Data to examine: Begin

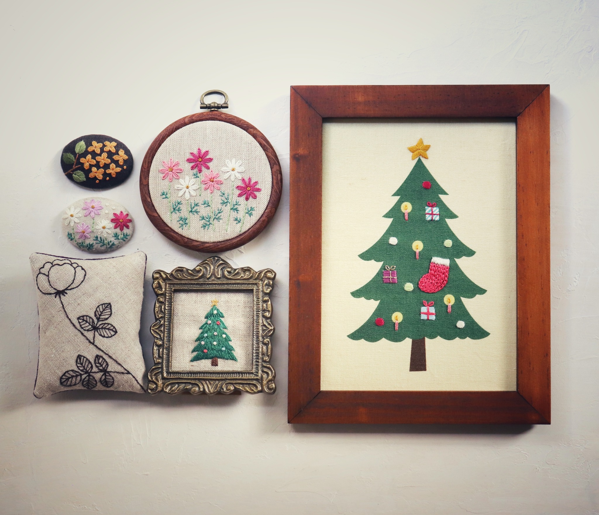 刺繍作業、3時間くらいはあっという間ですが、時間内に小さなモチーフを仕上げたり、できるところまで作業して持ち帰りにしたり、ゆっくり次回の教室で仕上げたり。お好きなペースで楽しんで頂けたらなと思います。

Data to examine: End
Data to examine: Begin

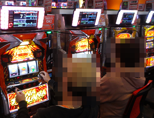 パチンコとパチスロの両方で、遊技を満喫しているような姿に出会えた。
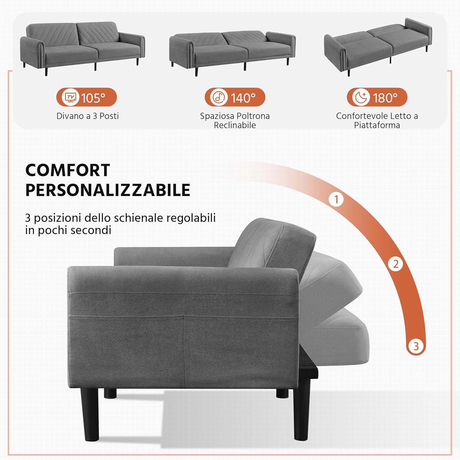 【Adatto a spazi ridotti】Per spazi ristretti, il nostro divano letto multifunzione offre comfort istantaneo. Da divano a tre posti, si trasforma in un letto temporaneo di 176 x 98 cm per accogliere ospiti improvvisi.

Data to examine: End

▸ What you need to do: Please print the lines above word for word, starting at the one with "パチンコとパチスロの両方で、遊技を満喫しているような姿に出会えた。" and ending at the one with "accogliere ospiti improvvisi.", both included, and without any picture.

▸ Exercise solution:
 パチンコとパチスロの両方で、遊技を満喫しているような姿に出会えた。
 【Adatto a spazi ridotti】Per spazi ristretti, il nostro divano letto multifunzione offre comfort istantaneo. Da divano a tre posti, si trasforma in un letto temporaneo di 176 x 98 cm per accogliere ospiti improvvisi.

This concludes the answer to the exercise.